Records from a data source
-- -- --
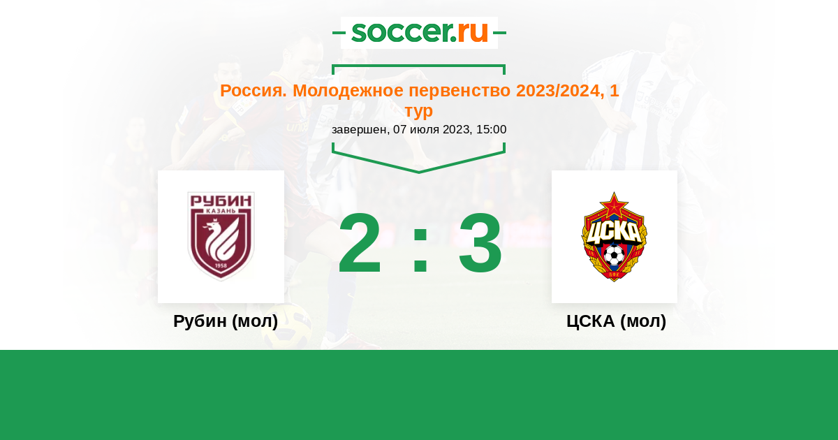 Россия. Премьер-Лига U21 30.07.2021 Рубин (мол) Логотип футбольный клуб Рубин (мол) (Казань) 3:2 Логотип футбольный клуб ЦСКА (мол) (Москва) ЦСКА (мол)
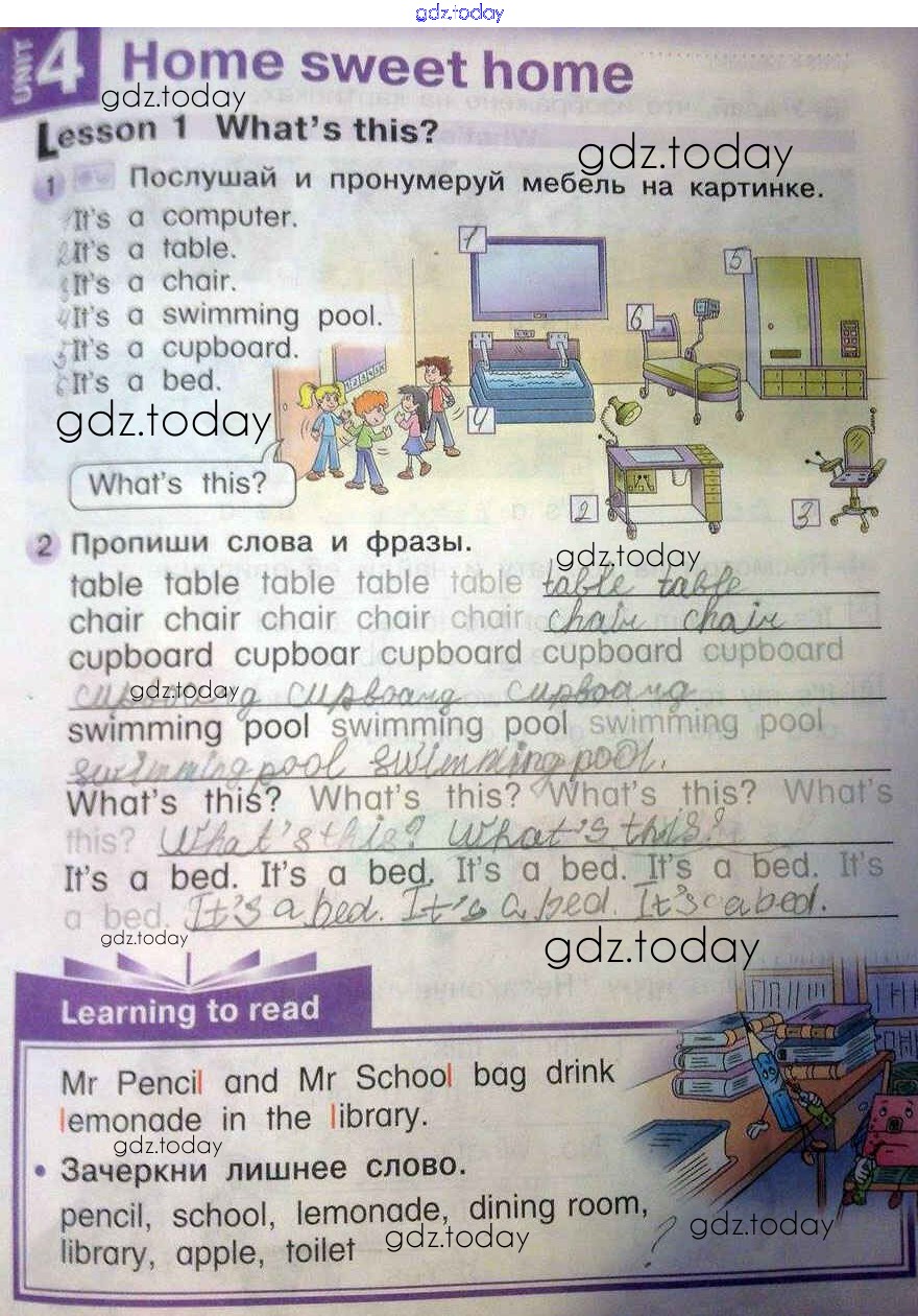 На страницах сайта gdz.today вы найдете учебный и вспомогательный материал, направленный на улучшения знаний школьной программы. ГДЗ - онлайн мир знаний Решение к части 1 55 Учебнику по Английскому языку для 1 класса Котлавская, Костюк Титул Millie 2014
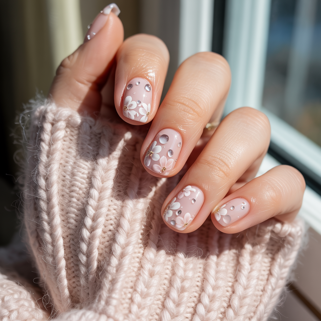 A soft blush or milky base topped with tiny pearl accents shaped like flowers creates a delicate spring blossom look matching all Easter 2026 dates gatherings.
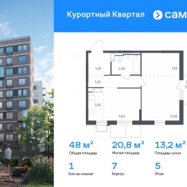 Строим кварталы для жизни с заботой о будущем. Предлагается 1-комнатная квартира комфорт-класса 48 кв.м в корпусе 7 на 5 этаже, в ЖК «Курортный Квартал» Квартира с чистовой отделкой. Доступность дополнительных опций уточняйте у застройщика. Приобрести квартиру возможно по...
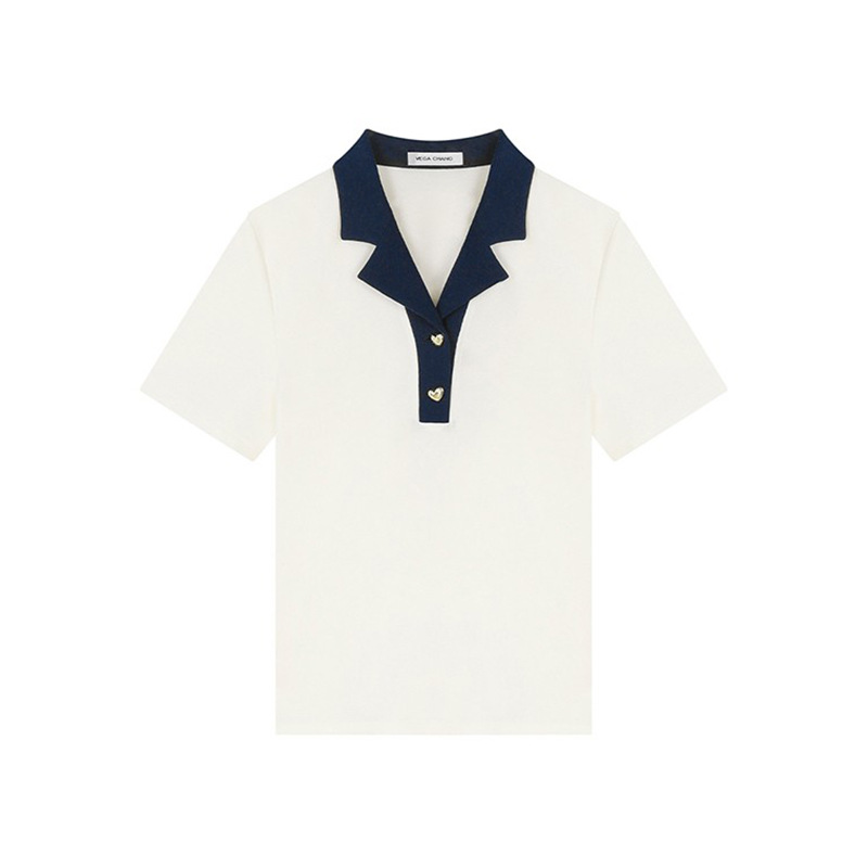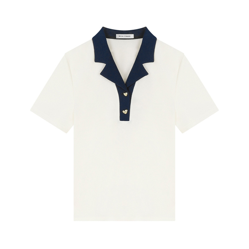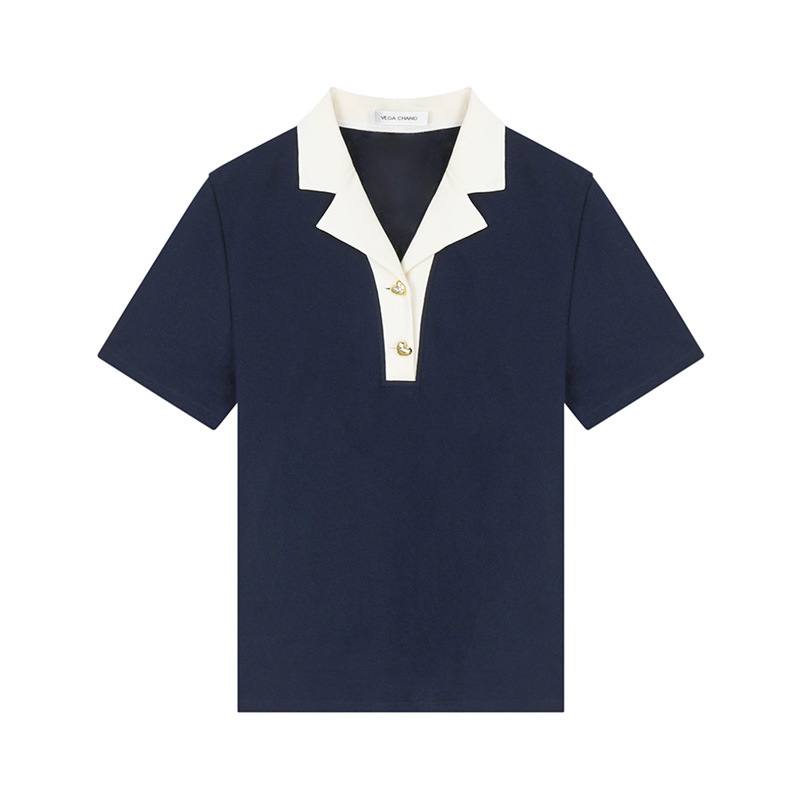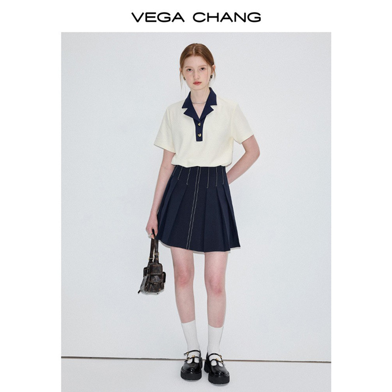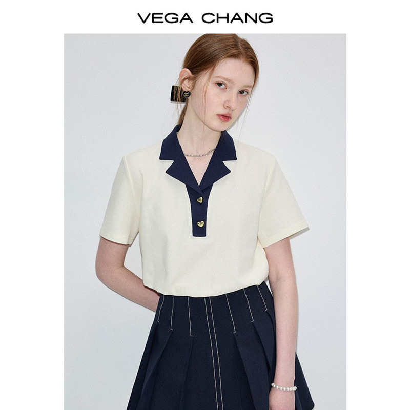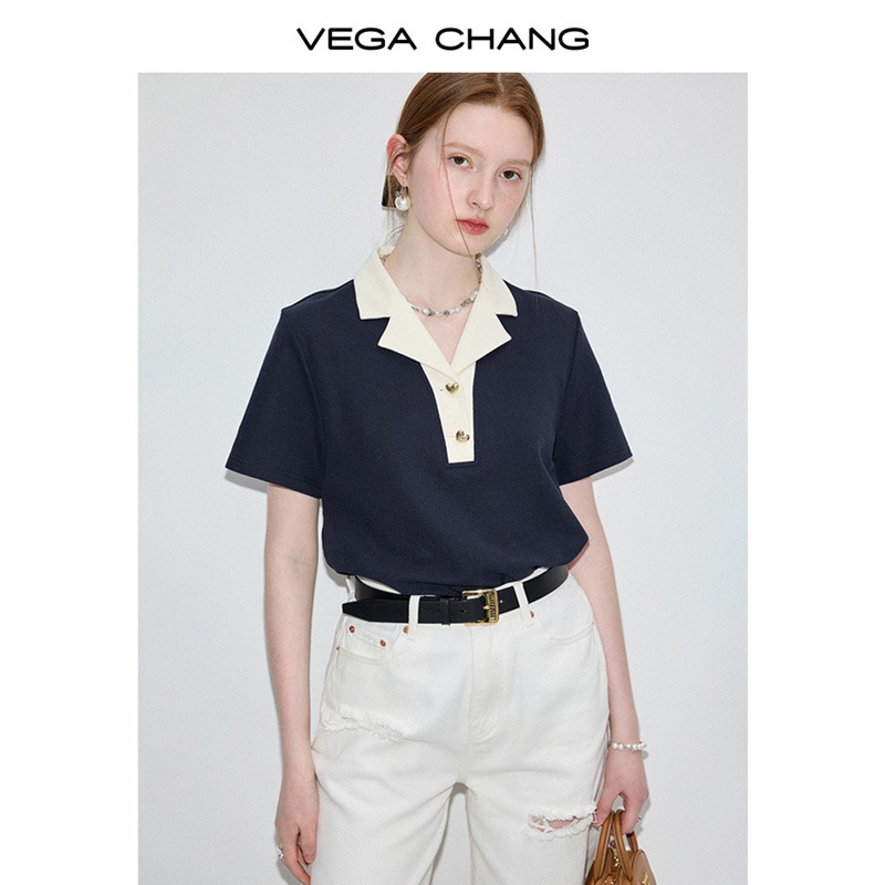 VEGA CHANG短袖T恤女2025年夏季新款复古时髦撞色POLO领正肩上衣
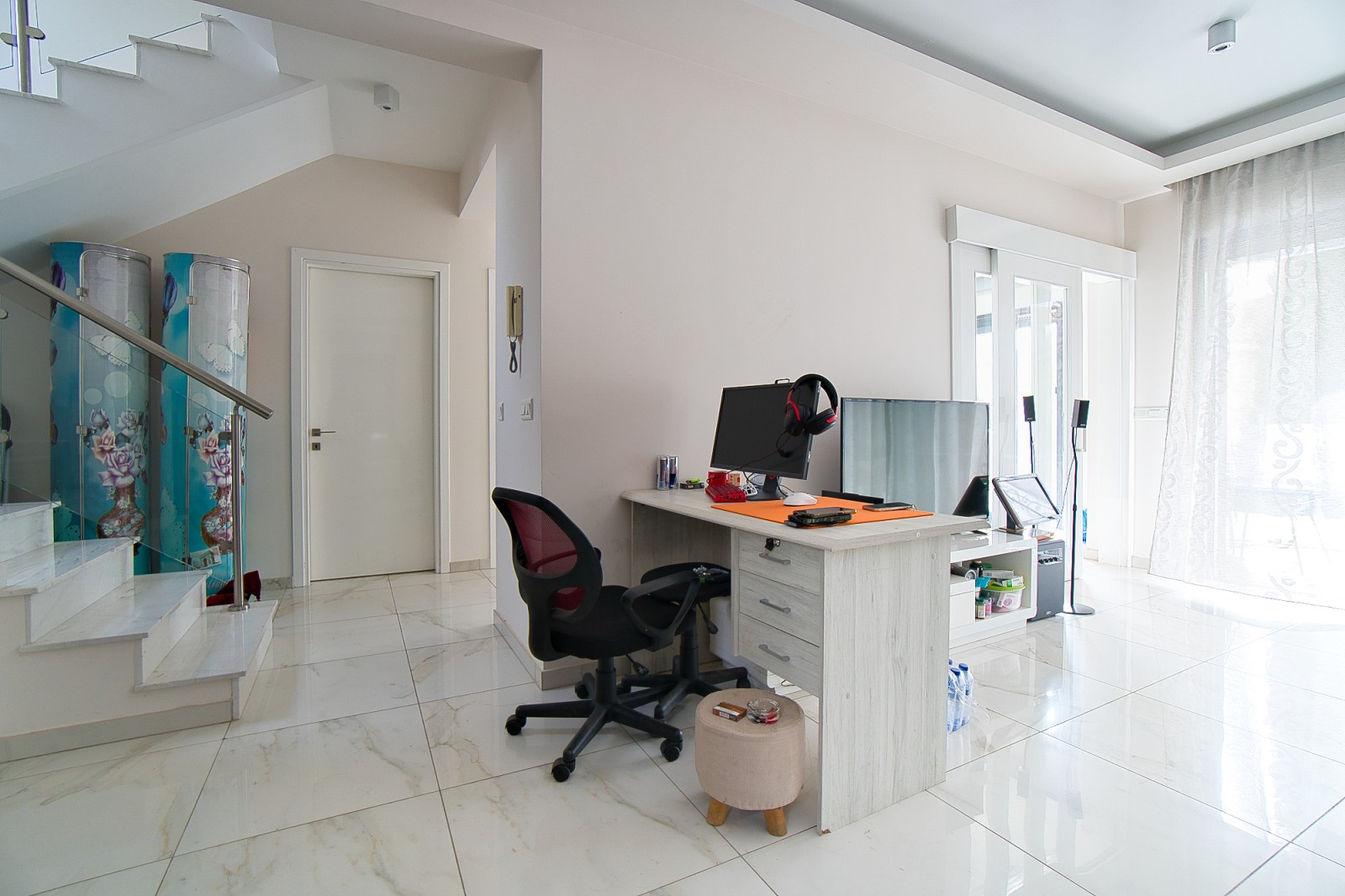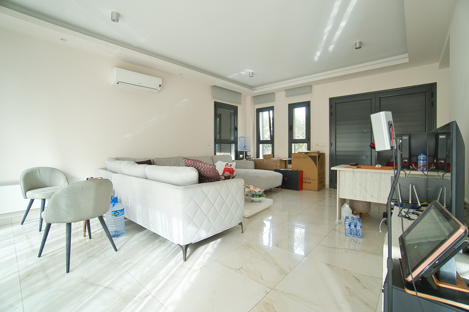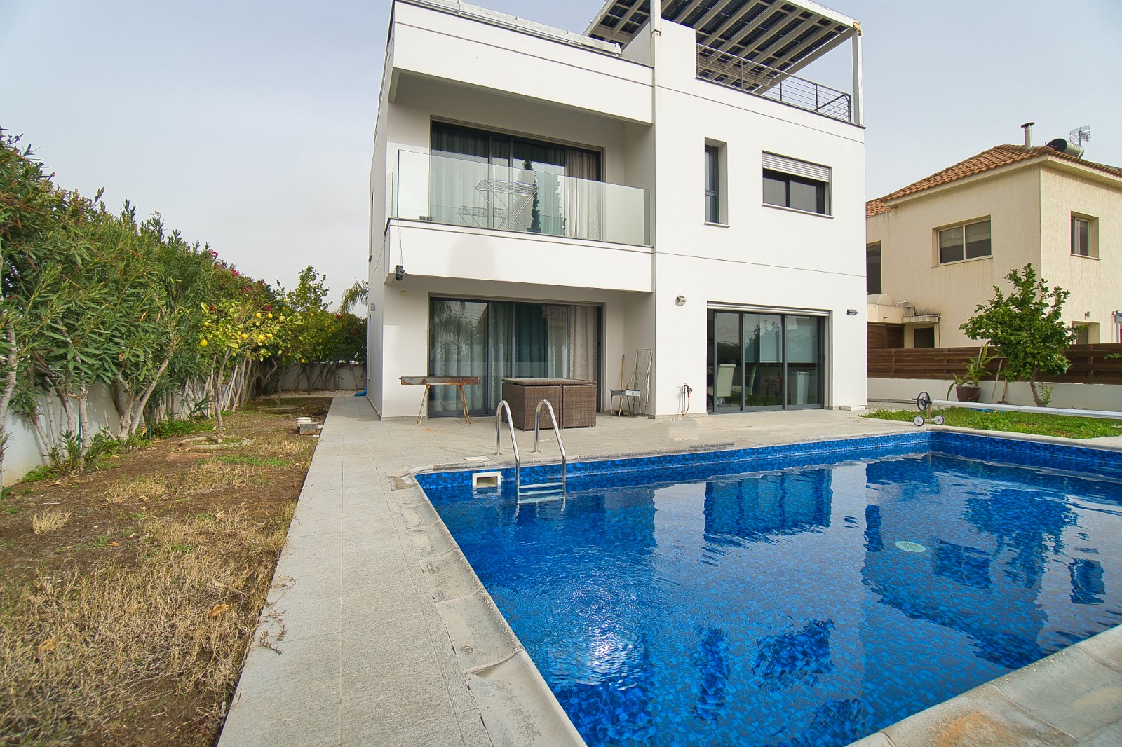Ideally positioned just a five-minute drive from the beach, the villa enjoys the perfect balance of convenience and tranquility, with supermarkets, the town center, and all everyday amenities within easy reach. Located in a peaceful neighborhood, the property invites relaxation with its private swimming pool and stylish entertainment area, creating an idyllic setting for unwinding, entertaining, and enjoying the very best of Mediterranean living.
-- -- --
Work to complete> Your answer must be an exact copy of the lines above, from the line that contains "VEGA CHANG短袖T恤女2025年夏季新款复古时髦撞色POLO领正肩上衣" through the final line, with no pictures in it.

Answer>
 VEGA CHANG短袖T恤女2025年夏季新款复古时髦撞色POLO领正肩上衣
Ideally positioned just a five-minute drive from the beach, the villa enjoys the perfect balance of convenience and tranquility, with supermarkets, the town center, and all everyday amenities within easy reach. Located in a peaceful neighborhood, the property invites relaxation with its private swimming pool and stylish entertainment area, creating an idyllic setting for unwinding, entertaining, and enjoying the very best of Mediterranean living.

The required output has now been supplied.